SÃO LUÍS E SANTA ZÉLIA, OS PAIS DE SANTA TERESINHA DO MENINO JESUS
Luís Martin (1823-1894) e Zélia Guérin (1831-1877) foram
declarados santos em 18 de outubro de 2015. Não foram canonizados por serem os
pais de Santa Teresinha, mas porque se empenharam totalmente em fazer a vontade
de Deus em qualquer situação de suas vidas. Luís e Zélia, com suas vidas, nos
ensinam que a santidade é caminho para a esposa, o marido, os filhos, os
colegas de trabalho e para a sexualidade.
O santo não é um super-homem, mas um homem verdadeiro.
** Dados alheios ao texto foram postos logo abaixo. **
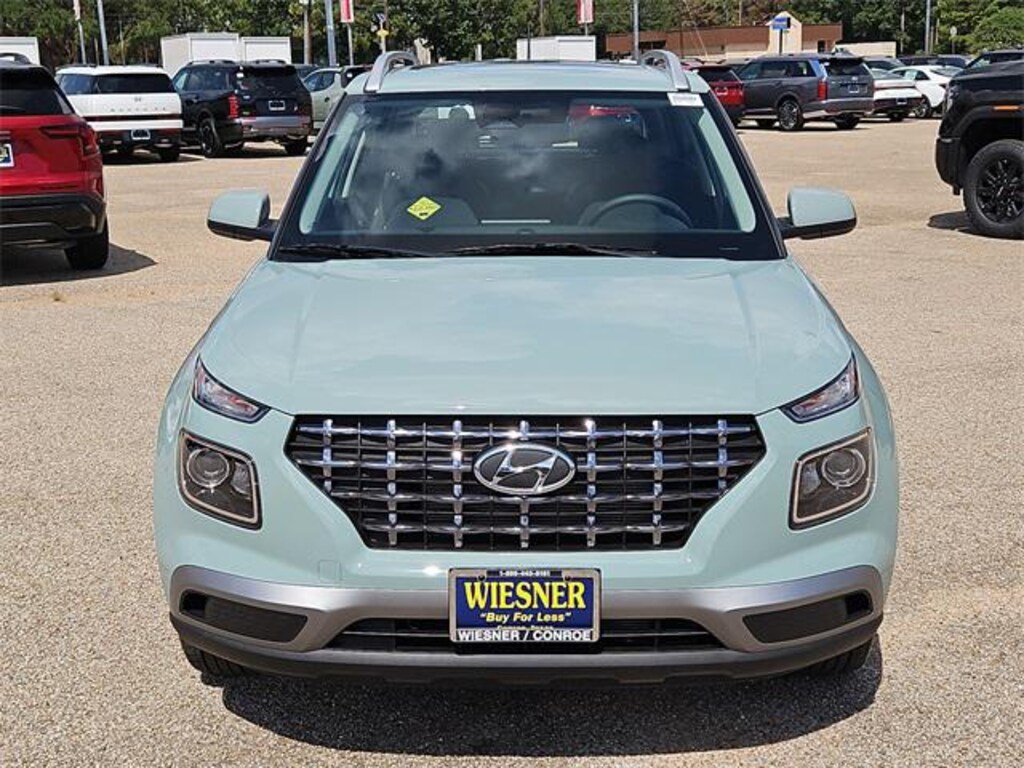This 2025 Hyundai Venue SEL in Mirage Green comes with the following features: I4 CVT FWD Option Group 01, 4-Wheel Disc Brakes, 6 Speakers, 6.5J x 17" Alloy Wheels, ABS brakes, Air Conditioning, All-Season Fitted Liners, Alloy wheels, AM/FM radio, Apple CarPlay & Android Auto, Auto High-beam Headlights, Automatic temperature control, Brake assist, Bumpers: body-color, Cargo Net, Carpeted Floor Mats, Cloth Seat Trim, Delay-off headlights, Driver door bin, Driver vanity mirror, Dual front impact airbags, Dual front side impact airbags, Electronic Stability Control, Front anti-roll bar, Front Bucket Seats, Front Center Armrest, Front reading lights, Front wheel independent suspension, Fully automatic headlights, Illuminated entry, Leather Shift Knob, Leather steering wheel, Low tire pressure warning, Occupant sensing airbag, Outside temperature display, Overhead airbag, Overhead console, Panic alarm, Passenger door bin, Passenger vanity mirror, Power door mirrors, Power moonroof, Power steering, Power windows, Radio: AM/FM/HD Display Audio, Rear Seat Cup Holder, Rear window defroster, Rear window wiper, Remote keyless entry, Reversible Cargo Tray, Security system, Speed control, Speed-sensing steering, Split folding rear seat, Spoiler, Steering wheel mounted audio controls, Tachometer, Telescoping steering wheel, Tilt steering wheel, Traction control, Trip computer, and Variably intermittent wipers. 29/32 City/Highway MPG Price includes: $250 - Hyundai HMF Dealer Choice : $250 discount and 5.99% APR for 24 months. $44.32 per $1000 financed. Available to well qualified buyers who finance through Hyundai Motor Finance. H704. Exp. 11/03/2025

Se tanto amamos Teresinha de Lisieux, se tanto nos
encanta sua santidade, devemos dizer que ela é fruto de seus pais, um casal que
vivia o amor de Deus tanto na alegria como nas tristezas. As muitas cartas
deixadas por Zélia dão testemunho deste colocar-se inteiramente nas mãos de
Deus.
«Eu amo loucamente as crianças e nasci para ter filhos»,
dizia Zélia. Mas, contraditoriamente, esse lar não era para existir. Aos 20
anos Luís esteve na Suíça para aprender o ofício de relojoeiro. Dirigiu-se ao
Eremitério de São Bernardo, dos Cônegos Regulares de Santo Agostinho, querendo
ser monge. O Prior foi direto: «Não conhece latim, nada de postulantado no
Mosteiro». Luís retorna a Alençon e se dedica à oficina de conserto de
relógios.
Já Zélia Guérin desejava ser admitida entre as Irmãs de
São Vicente de Paulo, em Alençon. A Superiora não vê nela sinal se vocação.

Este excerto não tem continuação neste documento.